Depuis combien d’années n’avons-nous pas parlé ? Te souviens-tu de la dernière fois où nous nous sommes assis dans la cuisine avec une tasse de thé ? Te rappelles-tu quand tes enfants ont quitté la maison ? Il y a bien longtemps que notre maison est divisée en deux comme l’est la ville. Nous ne vivons pas ensemble, nous nous partageons le même toit. Parfois les soirs d’été, je regarde par la fenêtre de la cuisine, je vois le feu crépusculaire sur l’arête des collines .C’est si beau que cela me donne la force de tenir un jour de plus. Le soleil se couche sur Belfast et c’est encore une journée sans John, Sean et Paddy. Y penses-tu encore à notre fils tombé sous les balles du RUC au coin de Sandy Row ? L’as-tu au moins une fois pleuré cet enfant qui voyait en toi un héros de la résistance ? Un héros ! Tes seules batailles tu les as menées dans la chaleur collante et crasseuse de chez Murphy. Un héros qui chante fort la fière Irlande avec ses compagnons d’ivrognerie, qui bat sa femme mais qui baisse les yeux quand il croise un soldat ! Tu n’es pas digne d’être irlandais. Nous avons perdu John parce qu’il voulait que tu sois fier de lui, les deux autres sont partis parce qu’ils avaient honte de toi !
Je me souviens quand ils étaient petits, quand ils jouaient à la guerre avec des bouts de bois dans la rue comme tous les enfants de McDonnell Street. Les enfants jouaient, les femmes parlaient sur le trottoir jusqu’à l’arrivée des hommes qui rentraient du chantier naval. Les « Troubles » grondaient mais nous ressemblions tous encore à des familles. Les femmes soutenaient les épouses et les mères de prisonniers, consolaient les veuves. Les maris avaient encore du travail. Le samedi soir toute la rue se retrouvait au pub pour boire une pinte ou deux et chanter Le Chant du soldat avant de rentrer. La semaine les femmes n’y allaient pas, il fallait s’occuper des enfants et se préparer au retour d’un mari invariablement saoul et violent. L’histoire se répétait d’une maison à l’autre comme un écho. Notre silence de femmes humiliées était notre seul soutien et notre dernière trace de dignité.
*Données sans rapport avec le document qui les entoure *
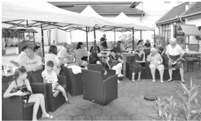
Kellemes nyáresti programot nyújtott a Tájházban és a Rózsakerthben megrendezett Múzeumok éjszakája.

sor láthatók, hallhatók az érdeklődők. A Császártöltési Táncsoport előadásával kezdődött a műsor, majd a keceli Kéknefelecs asszonykórus következett. Utánunk a szintén keceli Bogárzó Citerazenekar szórakoztatta a meglepeteket. A családi gyökerekkel rendelkező Prepszent testvérek műsora is nagy sikert aratott. A vacsora után igazi tanyasi, kemencében sült pogácsát és kelt kalácsot fogyaszthattak a vendégek, majd ezt követően hajnalig rophatták a táncot az utcabálon.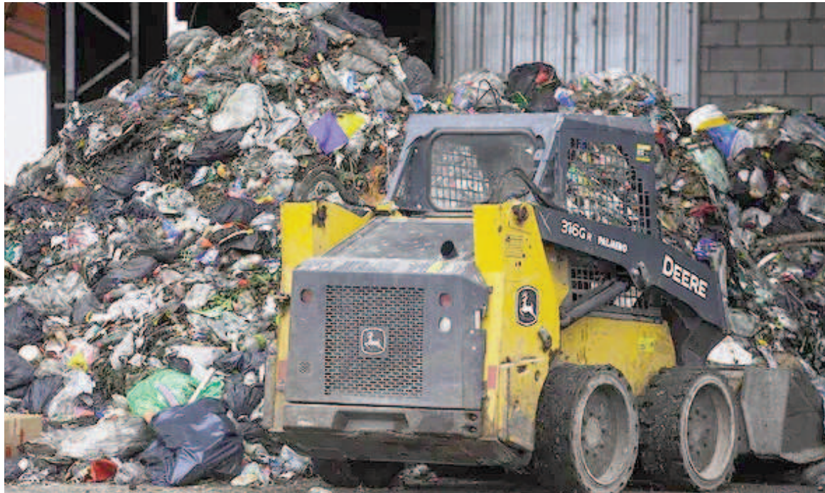
Hallaron más partes en el relleno sanitario de Ricardone.

El domingo por la mañana, un joven que caminaba por calle Maipú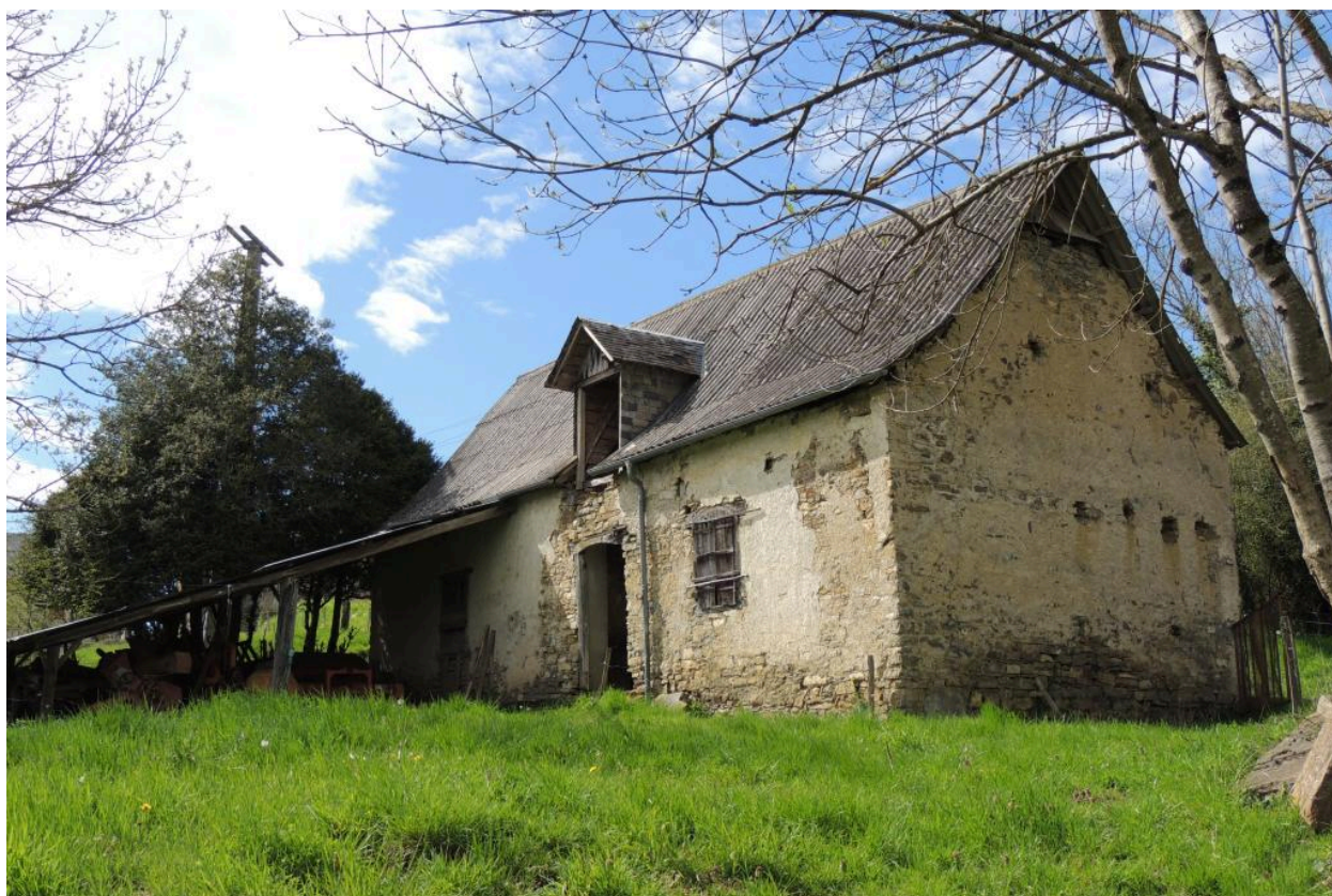
Vue de la ferme depuis le sud-est.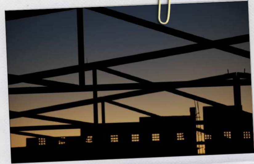
LEVER DE SOLEIL AVEC LES FERMES

Salade mixte, poulet, pomme de terre, jus de melon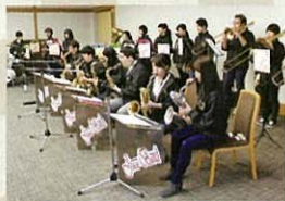
Vivid Jazz Band (中部楽器技術専門学校)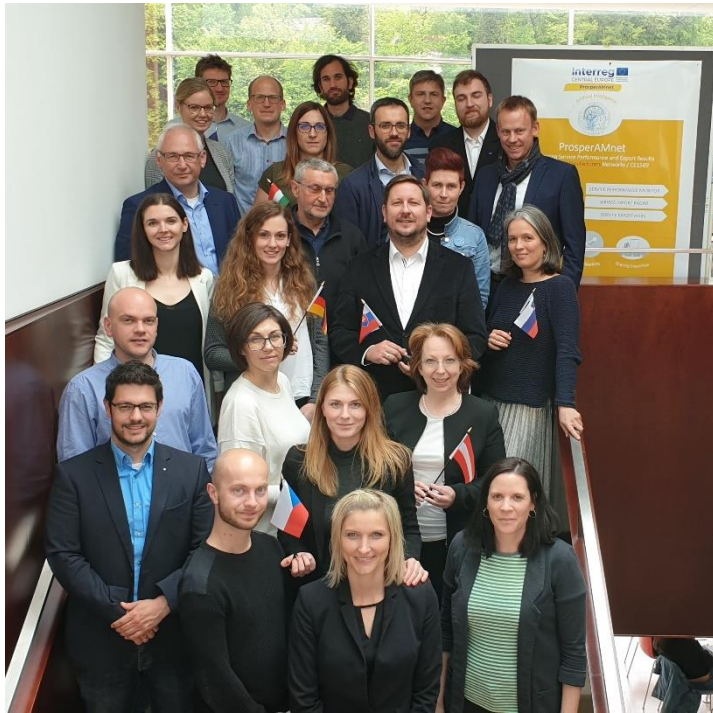
Foto partnerů z prvního meetingu ProsperAMnet 6. - 7. května 2019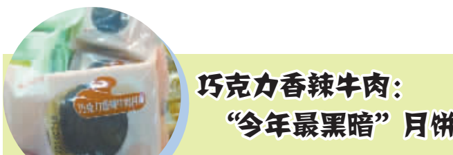
巧克力香辣牛肉： “今年最黑暗”月饼

临近中秋，一年一度的“月饼武林大会”再次上演，各路网友纷纷晒出形形色色的奇葩馅料月饼，例如巧克力香辣牛肉、韭菜鸡蛋、腐乳、奶酥松露鹅肝等口味的月饼。面对这些逆天搭配的月饼，小D只想问一句：“五仁君，你是否安好？”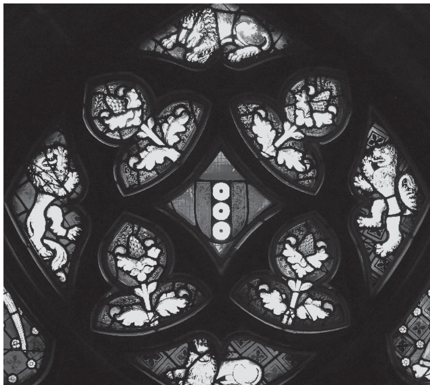
Berner Münster. Ringoltingen-Fenster mit der Dreikönigslegende. Stifterwappen im «Couronnement» des Chorfensters Nord III. – Foto: Richard Némec 2017.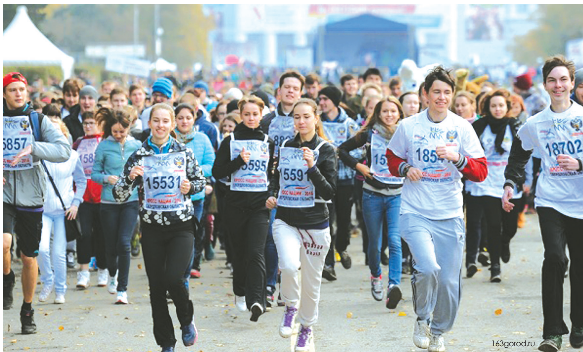
«Кросс нации» стал традиционным легкоатлетическим соревнованием.

г. Самара, ул. Молодогвардейская, 244, корпус № 1а Тел.: (846)278-43-76, 278-43-75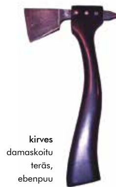
kirves damaskoitu teräs, ebenpuu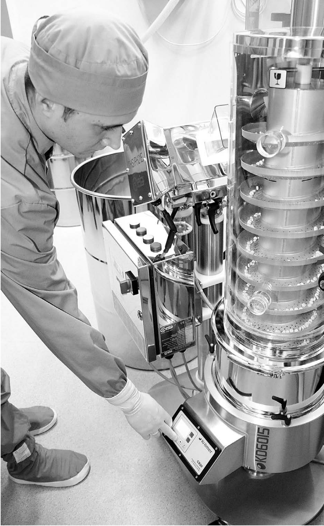
Фармпредприятия России сегодня оснащены современным оборудованием, вот только пилили производят в основном из импортного сырья.

Но, как показала жизнь, из-за возросшего спроса весь объем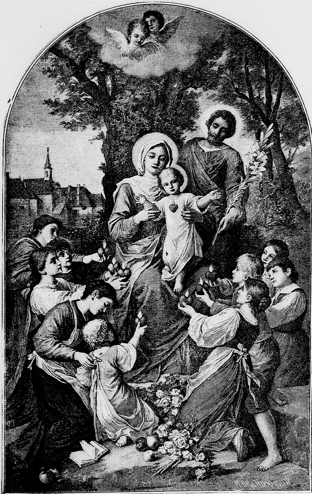
Dietky, podte ku mne!

ešte aj u takých chorých ťažké nemoce istotne vylieči, ktorí od 10—15 rokov trpeli a ktorí marne hľadali kde-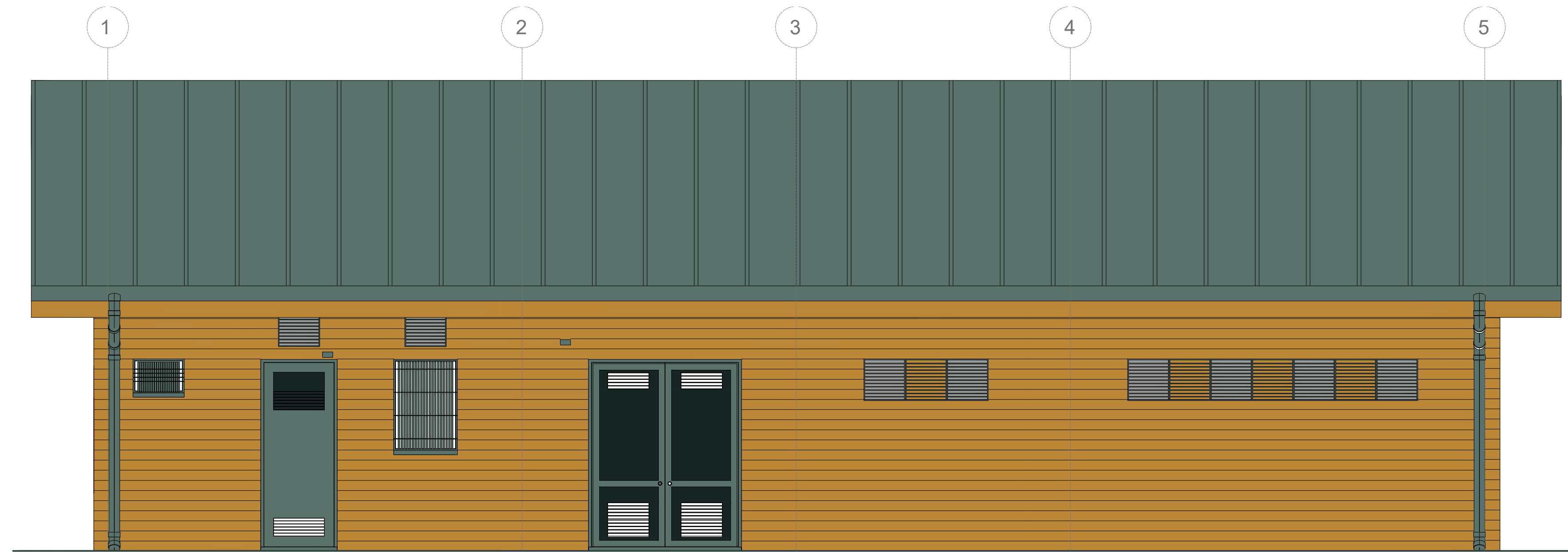
5 Prospecto D 1 : 50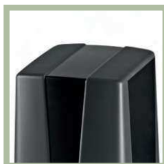
Eenvoudig compact design met de sterke kwaliteit van Beninca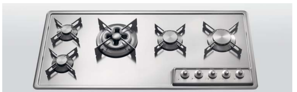
F 499/4GTC Piano cottura da incasso a cinque fuochi gas, largo cm 99 F 499/4GTC Built-in hob with five gas burners, 99 cm wide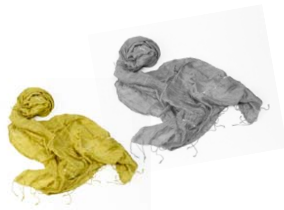
42461 Stola Wrinkled in seta con paillettes grigio - pistacchio, cm 160x60, conf 2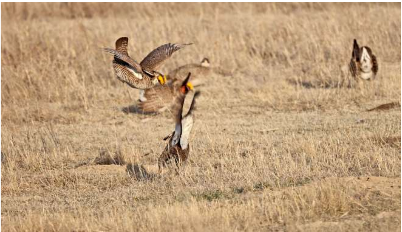
Greater Prairie-Chicken

Tidlig morgentur på prærien, mere præcist afgang kl. 05.15 i mørket for at se efter Greater Prairie-Chicken på Country Rd. 50 [40.3051 -103.4526]. Det er en af de mest vestlige spillepladser for Greater Prairie-Chicken, som vi havde fået anbefalet af Anders Bacher Nielsen, den kan også ses på eBird, og den er nem at findes selv. Mange fuglekiggere vælger at købe sig til adgang på en spilleplads længere mod øst omkring Wray, men det er ikke nødvendigt, for at kunne se og høre Greater Prairie-Chicken flot. Vi var på plads, inden det blev lyst, og allerede ved ankomst kunne vi høre, at de var i fuld gang med deres fantastiske lyde. Efterhånden som det blev lyst kunne vi se op til 12 fugle i spil på spillepladsen på omkring 100 meters afstand, ind mellem var de gemt i græsset, men alle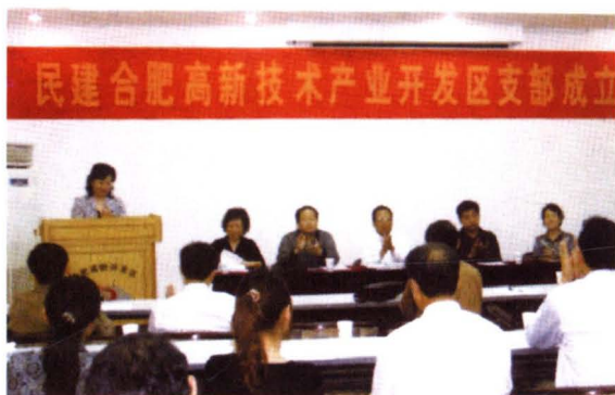
▲ 2007年10月18日，民建合肥市高新区直属支部成立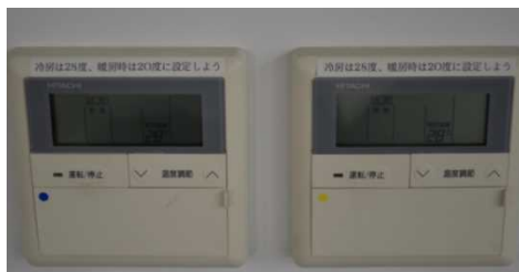
<空調機設定温度の遵守>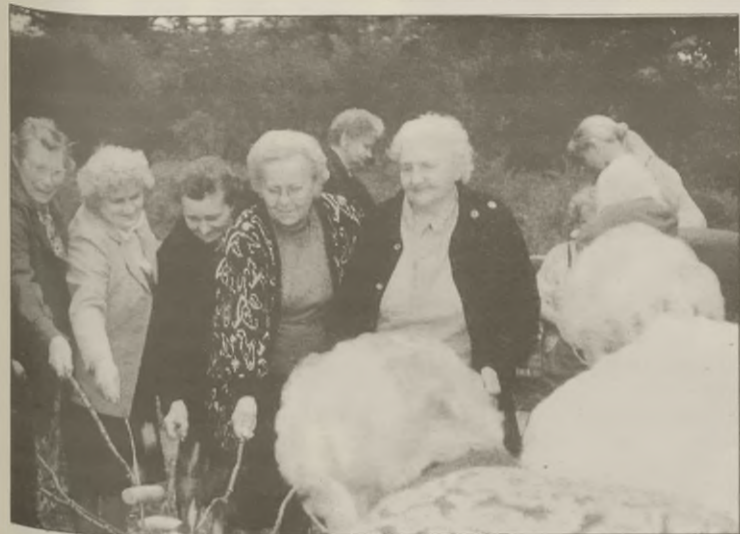
Członkowie Klubu Seniora w Łabiszynie przy ognisku.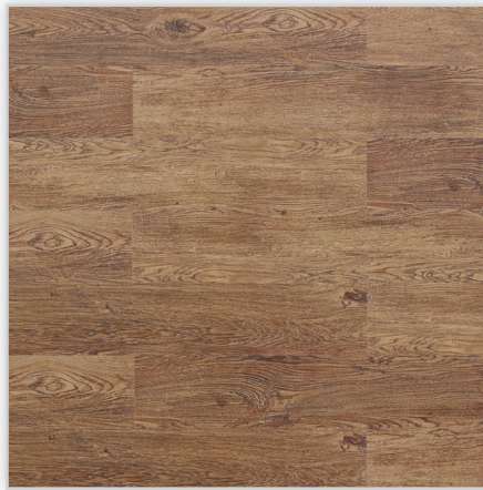
Wicanders, Panele winylowe Hydrocork Wzór: Castle Toast Oak. Wymiar [mm]: 1225/145/6. Wykończenie: trudnościścieralna warstwa winylu + lakier poliuretanowy. Montaż: bezklejowe łączenie Pressfit.

La rue est toujours la même, nous avons encore tous les mêmes maisons en brique, un salon devant, une cuisine derrière, un escalier, deux chambres à l’étage, un bout de cour entre deux palissades en bois. Quelle que soit la maison dans laquelle on rentre, on se croit chez soi. Les enfants ont grandit, ils sont partis, Dieu les protège ! Restent les survivants, les mères abandonnées, les pères haineux et parmi eux les fantômes. Des hordes de fantômes auxquels on se heurte à chaque coin de rue, ceux qui sont tombés pour venger un père, un frère et qui croyaient encore à la liberté. Les combats cessent, les chefs signent des traités, toutes les milices déposent les armes mais personne ne dépose sa rancœur.
Je ne crois pas avoir jamais eu de colère contre toi, juste du mépris et de la pitié. Maintenant que nous arrivons au crépuscule de notre vie, je peux bien te dire que tu ne mérites que mon indifférence. J’ai mis au monde tes enfants, je les ai élevés comme j’ai pu, j’ai supporté ta brutalité jusque dans mon lit, j’ai lavé ta crasse et nourri ton corps. Je n’en ferai pas davantage.
Avant que la nuit envahisse totalement mon âme, tant qu’il me reste quelques rayons de lumière rousse comme celle si belle que je regarde depuis la fenêtre de la cuisine, je m’en vais. Rassure-toi, je pars les mains vides. Les seuls trésors de cette maison sont déjà partis. Je vais les rejoindre. Je sais que tu ne viendras pas me chercher à Dublin, tu as bien trop peur de tes fils. Je te laisse ta maison, tes fantômes, tes chants patriotiques, ta lâcheté et ta haine. Fais-en bon usage avant que la nuit ne s’abatte définitivement sur ce qu’il reste de toi.